After working on the body for several months, Dr Kozeltsev and his four assistants have succeeded in restoring the whiteness of the Pazyryk woman's skin and making the tattoos visible again.

In the laboratory "The Lady" is lying under a plastic sheet on a table above a bath of chemicals. She has been soaked in the bath for many weeks and is now drying off. For the time being, she is headless: her skull has been sent across town to the Gerasimov Ethnographic Institute, which produces sculpture-like reconstructions of the heads of dead people.

The skeleton shows through the skin in many places. But the clasped hands are touchingly preserved and the skin all down the left arm is intact. This is where you can see the swirls of dark-blue tattoos, starting with a kicking deer on the shoulder. A Siberian specialist is due in Moscow soon to try to interpret the meaning of the tattoos.

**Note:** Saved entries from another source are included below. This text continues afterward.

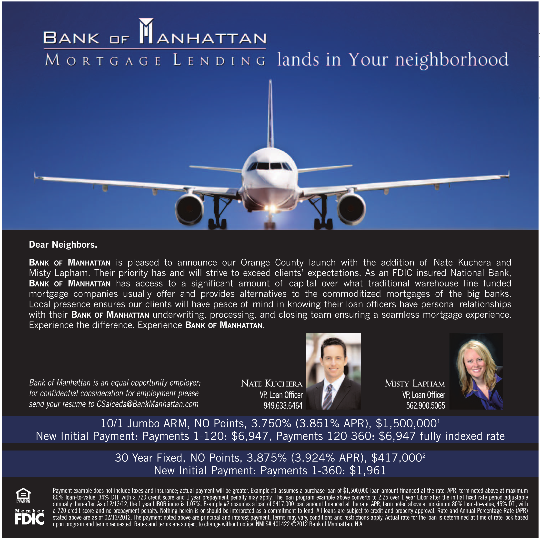 BANK OF MANHATTAN is pleased to announce our Orange County launch with the addition of Nate Kuchera and Misty Lapham. Their priority has and will strive to exceed clients’ expectations. As an FDIC insured National Bank, BANK OF MANHATTAN has access to a significant amount of capital over what traditional warehouse line funded mortgage companies usually offer and provides alternatives to the commoditized mortgages of the big banks. Local presence ensures our clients will have peace of mind in knowing their loan officers have personal relationships with their BANK OF MANHATTAN underwriting, processing, and closing team ensuring a seamless mortgage experience. Experience the difference. Experience BANK OF MANHATTAN.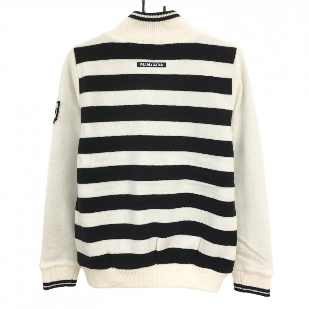 【超美品】パーリーゲイツ ニットジャケット 白×黒 ロゴブルー 裏地ニコちゃんロゴ総柄 レディース 1(M) ゴルフウェア PEARLY GATES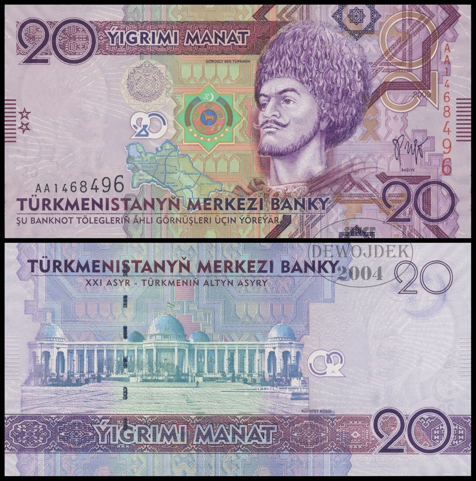 BNB - TURKMENISTAN 20 Manat 2009 AA 1468496 # P25 # UNC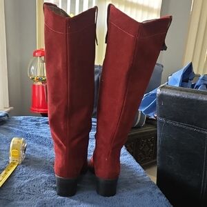 Elegant red heeled suede boots by Bella Vita. The color is a dark red suede, almost wine in color. They are made in Italy. Boots are gorgeous and new, with matched stitching. Perfect for any occasion.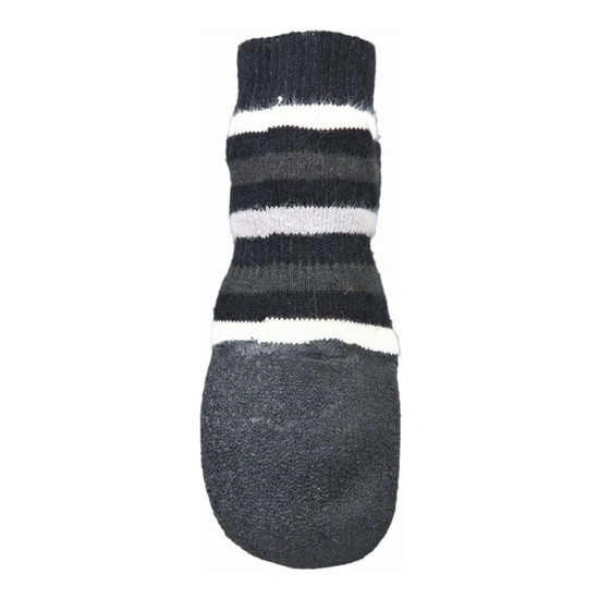 A Trixie csúszásgátló védő zokni segíti a sérült mancsok gyógyulási folyamatát és védi a sérülésektől a tappancsokat. Erős csúszásmentes aljú, így alkalmas idős kutyák számára, vagy lakásban tartott kutyáknál a parketta védelmére. A zokni pamut és elasztán anyaga jól szellőzik. Színe: szürke, fekete. A csomag tartalma: 1 pár zokni. Méret: L. Golden retrievernek, vagy hasonló testméretű kutyáknak ajánlott.
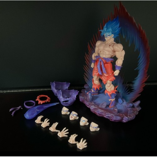 IN STOCK EC TOYS Kaiohken blue hair Goku action figure with stand
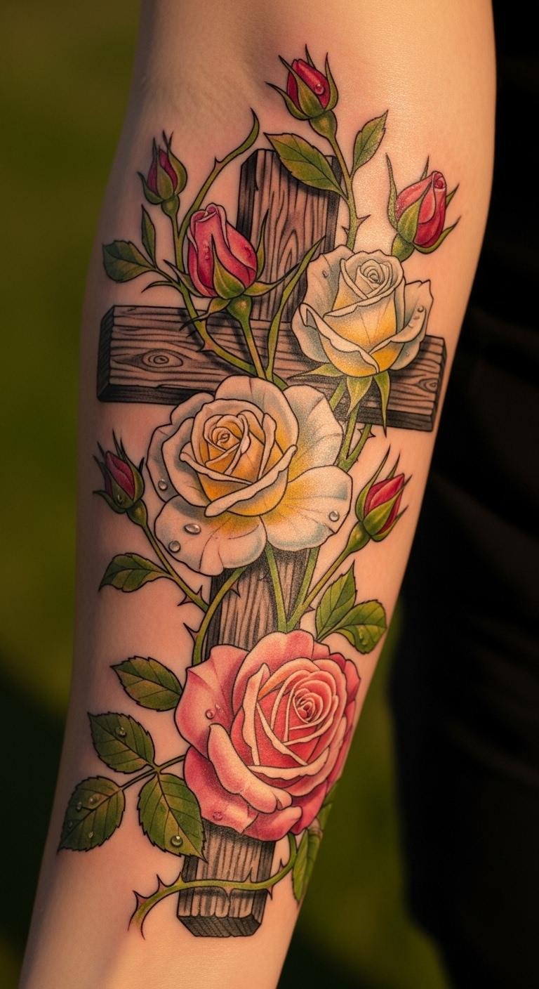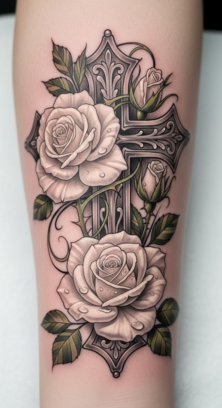 Opt for white roses with your cross for purity. Arm placement suits it. Free white templates online. Artists charge $80. Sketch white elements. Use white-out stickers. Keep it clean. Bold the tone: white roses for purity. Easy on funds.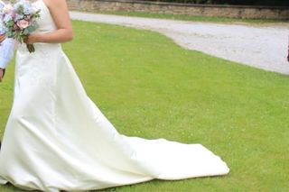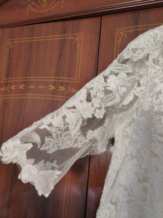 Usado unas horas , limpio de tintorería en perfecto estado. Talla 42-44 marca la sposa .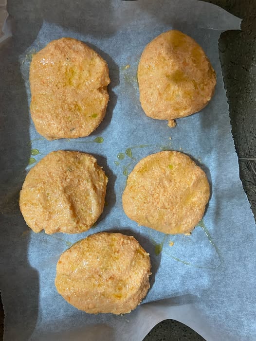 Formare dei burgher e metterli in forno a 200° per circa 25′-30′ con un filo d’olio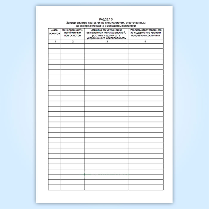 11. Раздел «Замечания о техническом состоянии, ремонтные работы и осмотры крана» заполняется лицами, несущими ответственность за техническое состояние крана и производившими осмотр (групповой механик, начальник эксплуатационного участка, представители управления механизации треста и органов надзора).

As soon as Dr Kozeltsev gets the skull back, he can finish his job. On a wad of cotton wool, he has saved the neck vertebrae so he can join the head to the body. Then she will be placed in a showcase of non-breakable glass and will be ready to return to the archaeologists who found her.

When "The Lady" makes her public debut in April, it will not be in Siberia or even Moscow, because there is no money from either the state or private sponsors to pay for her exhibition at home.

Instead, she will go on show, with the bust, her clothes and a collection of Pazyryk artefacts, in South Korea. After that, unless Russia's economic situation improves, she faces a future living out of a suitcase on a permanent world tour.